Leaving out the pictures, restate each record below word for word.
- - - - - - -
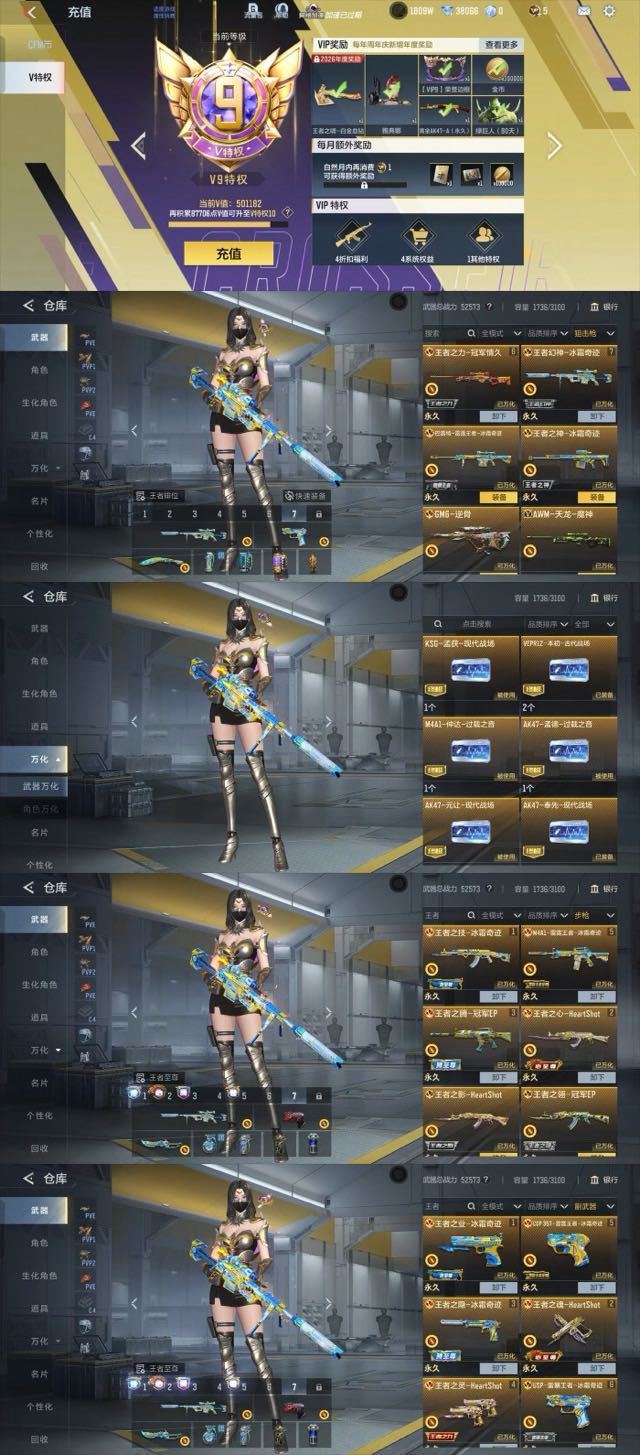 神壕新氪拉满♓三国全套全皮 王者蔷薇王者白虎王幻♈M200权✨雷霆王者套♒8至尊♓七核10cop
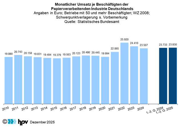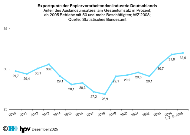 - In relativer Betrachtung haben die Auslandsmärkte für die deutsche Papier-verarbeitende Industrie in den ersten drei Quartalen mit einer Exportquote von 32,0 Prozent gegenüber dem entsprechenden Vorjahreshalbjahr weiter an Bedeutung gewonnen – damals betrug der Umsatzanteil des Auslands 31,6 Prozent. Gleichzeitig wurde der Rekordwert des Gesamtjahres 2024 von 31,8 Prozent übertroffen.
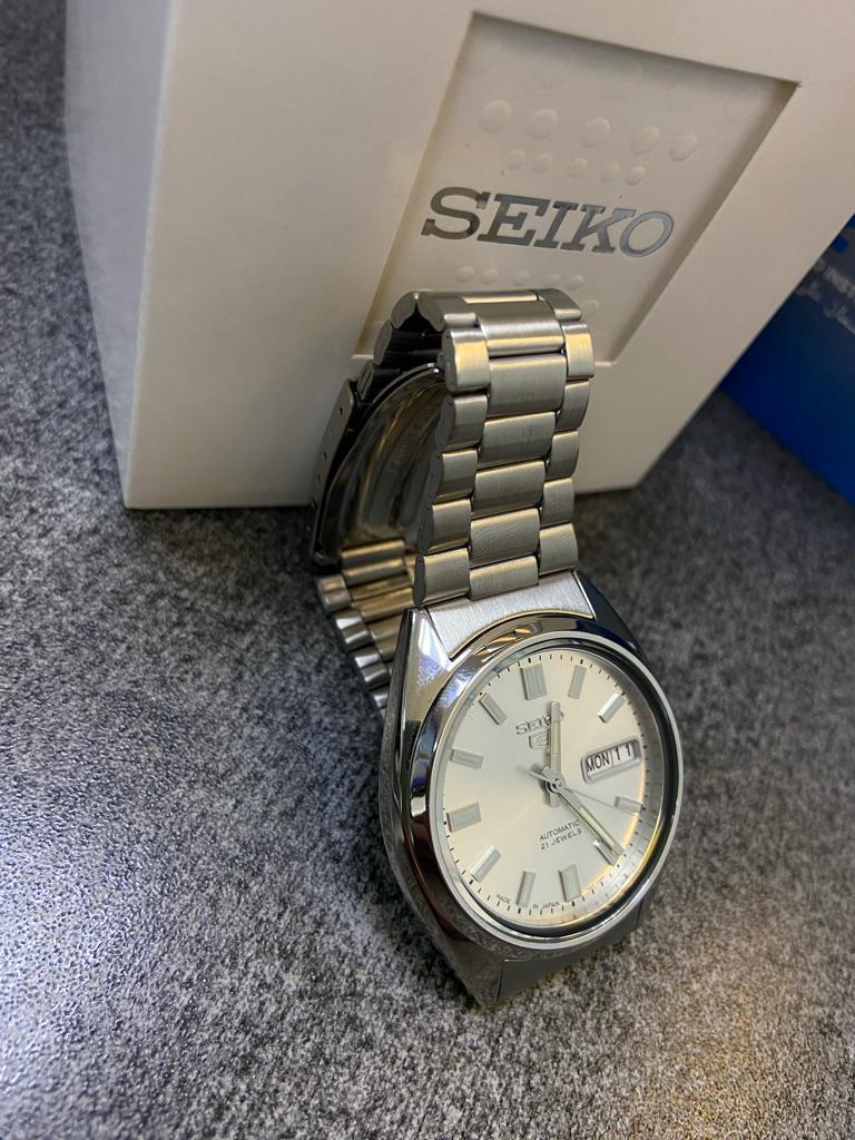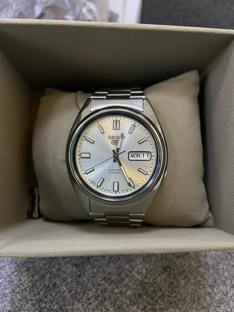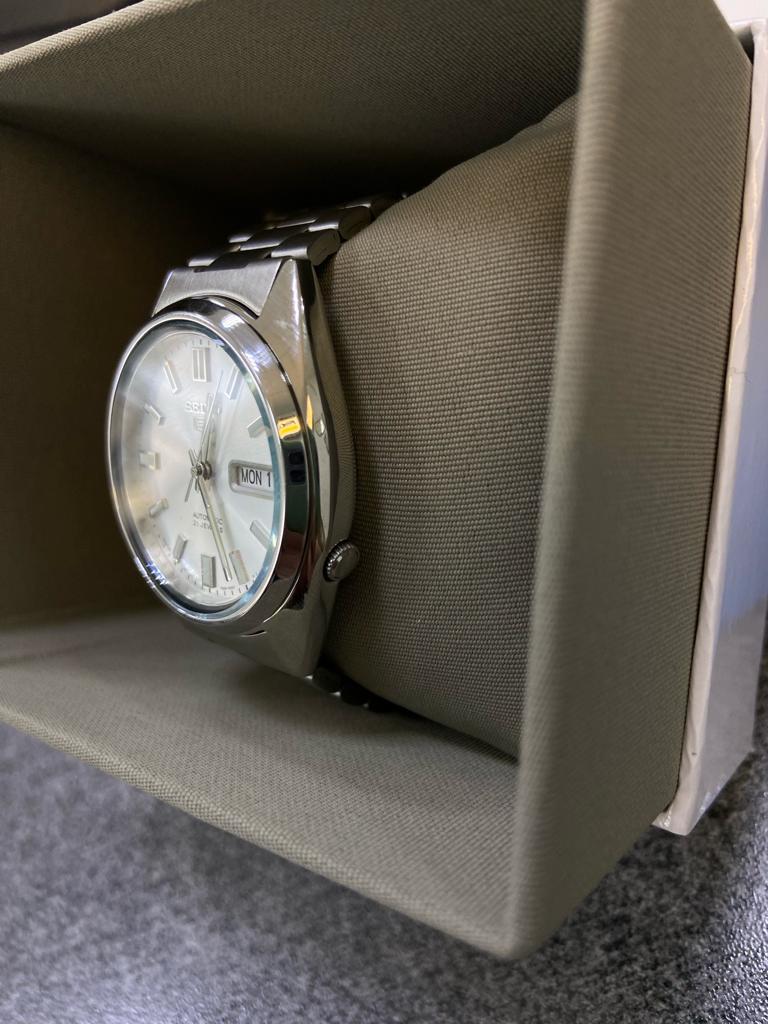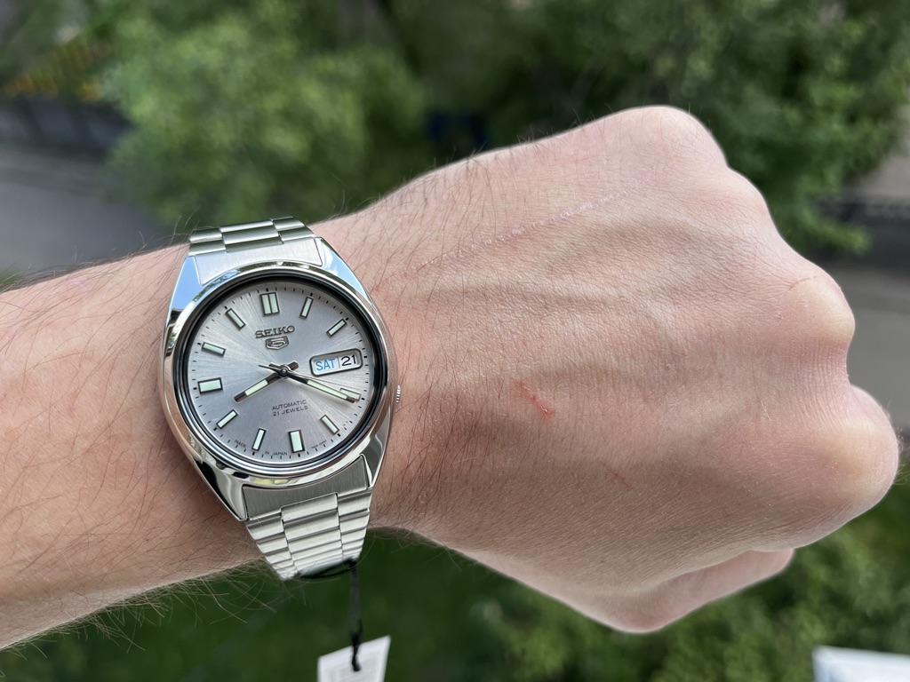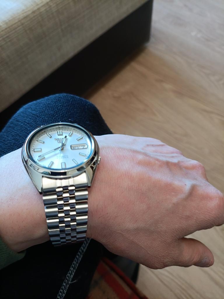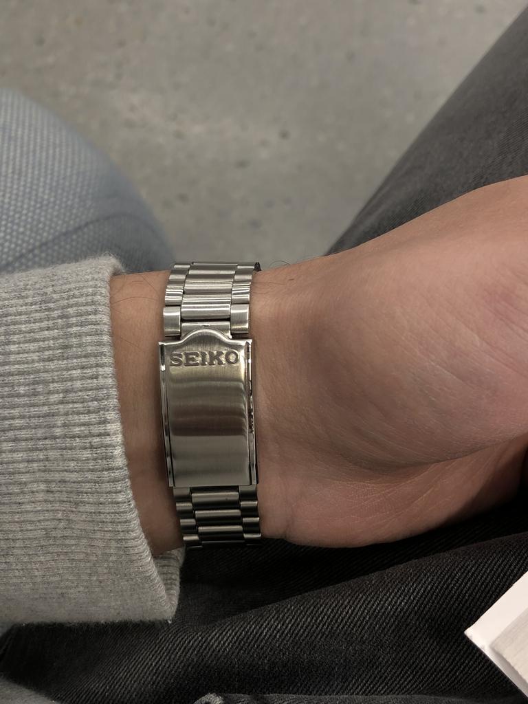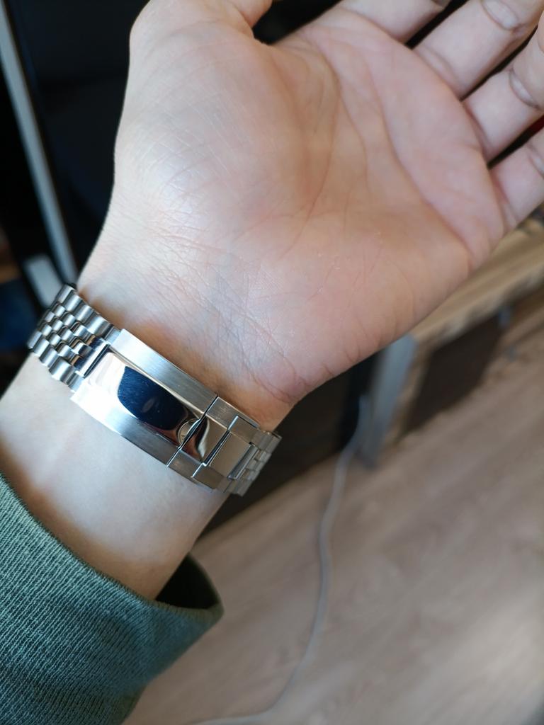 Great watch, modern classic. Arrived in 31 days. Everything is working. Miniature, but not too small, in comparison with the Orient "neo 70" it is only a little smaller. The bracelet is small, and the clasp is old, but it is light. The watch with bracelet weighs 89 grams, the quartz Orient with the photo weighs 106. Weight matters! On a 19cm wrist I have only moved the clasp one hole forward. Maybe you won’t even have to remove the links.
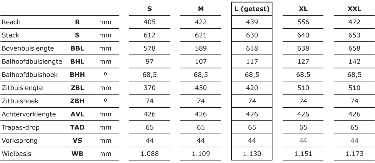 De nieuwe Reaction C:62-serie van Cube omvat vier modellen, die elk in twee kleuren komen. Topmodel is de Reaction C:62 SLX met Sram GX Eagle AXS Transmission, die met 2.999 euro nét onder de drieduizend euro blijft. Daaronder komt de Reaction C:62 Race van 2.499 euro waarmee wij gereden hebben. De Reaction C:62 Pro komt op 1.999 euro, hekkensluiter is de Reaction C:62 One, waarvoor je slechts 1.499 euro hoeft neer te tellen. Daarvoor krijg je weliswaar de nogal eenvoudige SX-groep van Sram, maar wel exact hetzelfde hoogwaardige carbon frame als bij het topmodel. Cube brengt de Reaction C:62 in vijf verschillende maten, van S tot XXL.
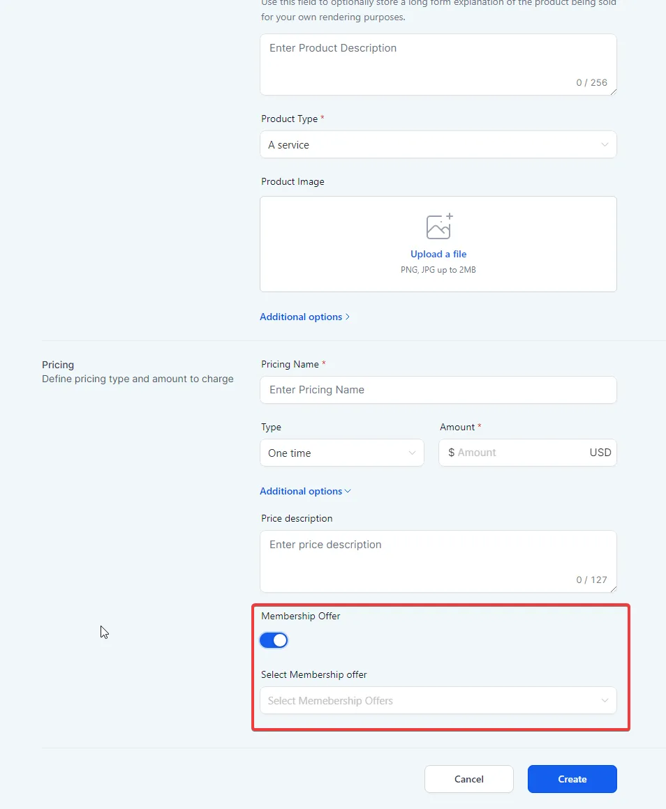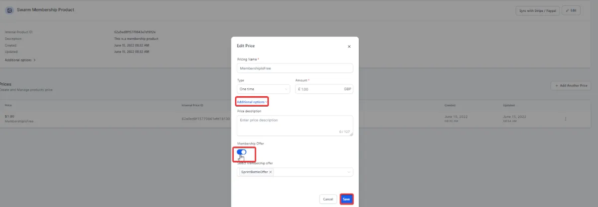 Fill in the data requested, and select “additional options” under the pricing section to toggle on and select your membership offer.
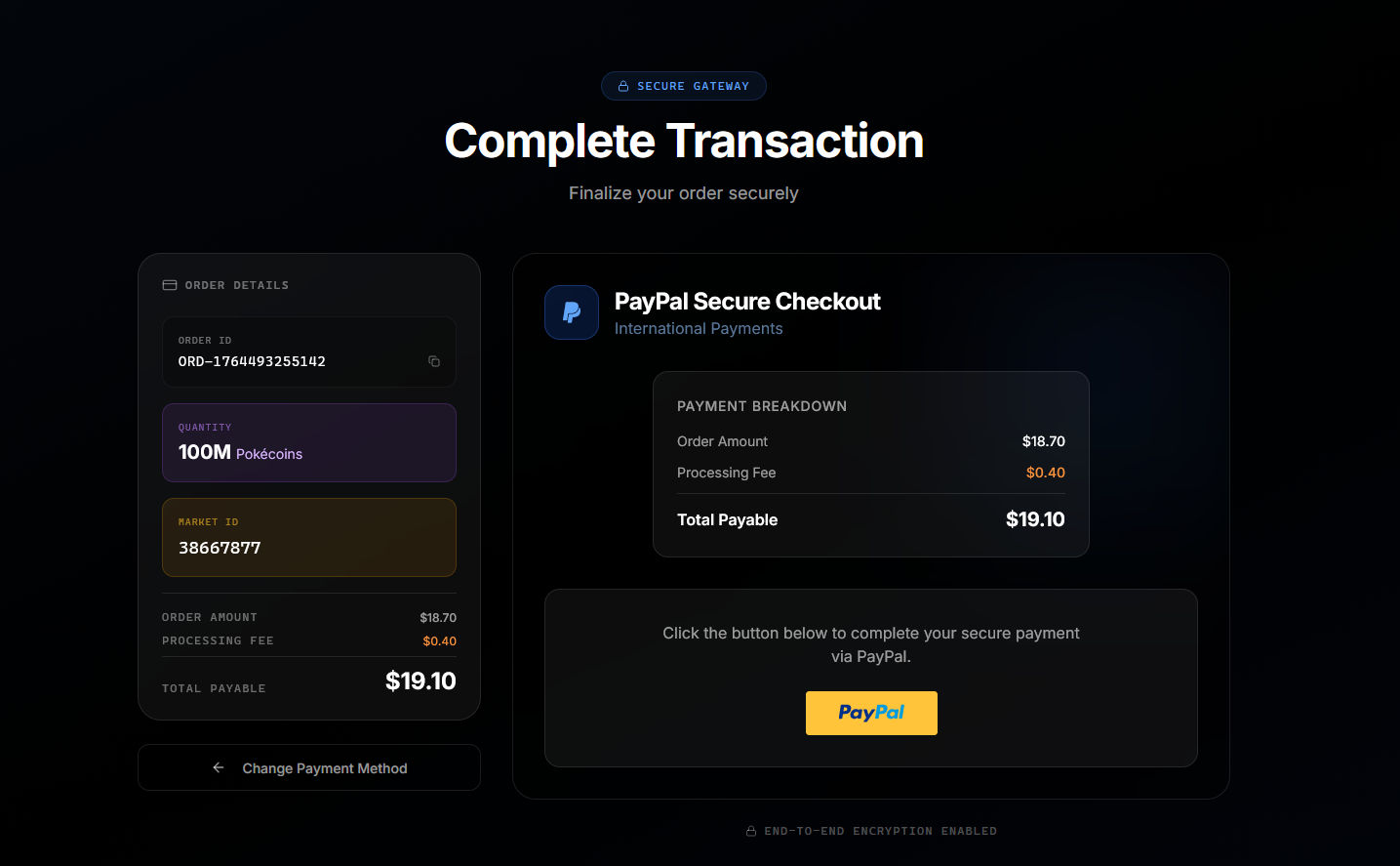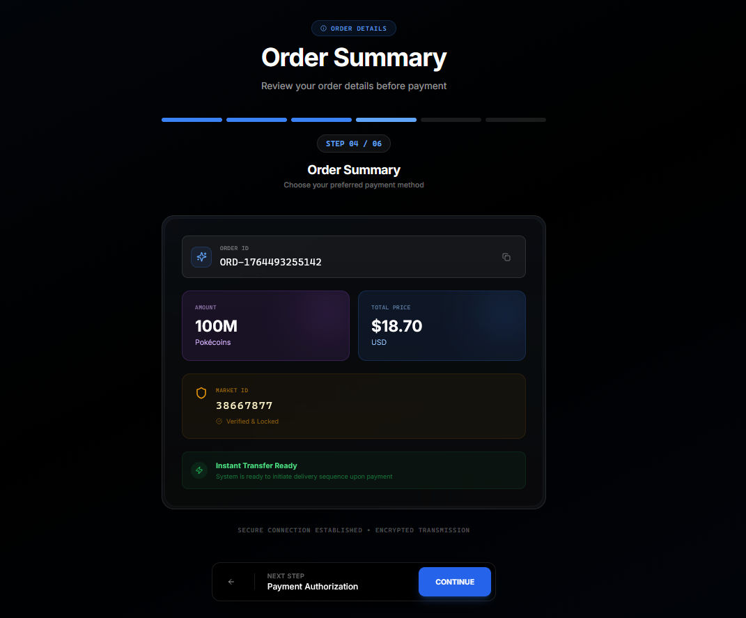 This section confirms:- The market ID where your Pokecoins will be delivered
- - - - - - -
Your response |
 神壕新氪拉满♓三国全套全皮 王者蔷薇王者白虎王幻♈M200权✨雷霆王者套♒8至尊♓七核10cop
 - In relativer Betrachtung haben die Auslandsmärkte für die deutsche Papier-verarbeitende Industrie in den ersten drei Quartalen mit einer Exportquote von 32,0 Prozent gegenüber dem entsprechenden Vorjahreshalbjahr weiter an Bedeutung gewonnen – damals betrug der Umsatzanteil des Auslands 31,6 Prozent. Gleichzeitig wurde der Rekordwert des Gesamtjahres 2024 von 31,8 Prozent übertroffen.
 Great watch, modern classic. Arrived in 31 days. Everything is working. Miniature, but not too small, in comparison with the Orient "neo 70" it is only a little smaller. The bracelet is small, and the clasp is old, but it is light. The watch with bracelet weighs 89 grams, the quartz Orient with the photo weighs 106. Weight matters! On a 19cm wrist I have only moved the clasp one hole forward. Maybe you won’t even have to remove the links.
 De nieuwe Reaction C:62-serie van Cube omvat vier modellen, die elk in twee kleuren komen. Topmodel is de Reaction C:62 SLX met Sram GX Eagle AXS Transmission, die met 2.999 euro nét onder de drieduizend euro blijft. Daaronder komt de Reaction C:62 Race van 2.499 euro waarmee wij gereden hebben. De Reaction C:62 Pro komt op 1.999 euro, hekkensluiter is de Reaction C:62 One, waarvoor je slechts 1.499 euro hoeft neer te tellen. Daarvoor krijg je weliswaar de nogal eenvoudige SX-groep van Sram, maar wel exact hetzelfde hoogwaardige carbon frame als bij het topmodel. Cube brengt de Reaction C:62 in vijf verschillende maten, van S tot XXL.
 Fill in the data requested, and select “additional options” under the pricing section to toggle on and select your membership offer.
 This section confirms:- The market ID where your Pokecoins will be delivered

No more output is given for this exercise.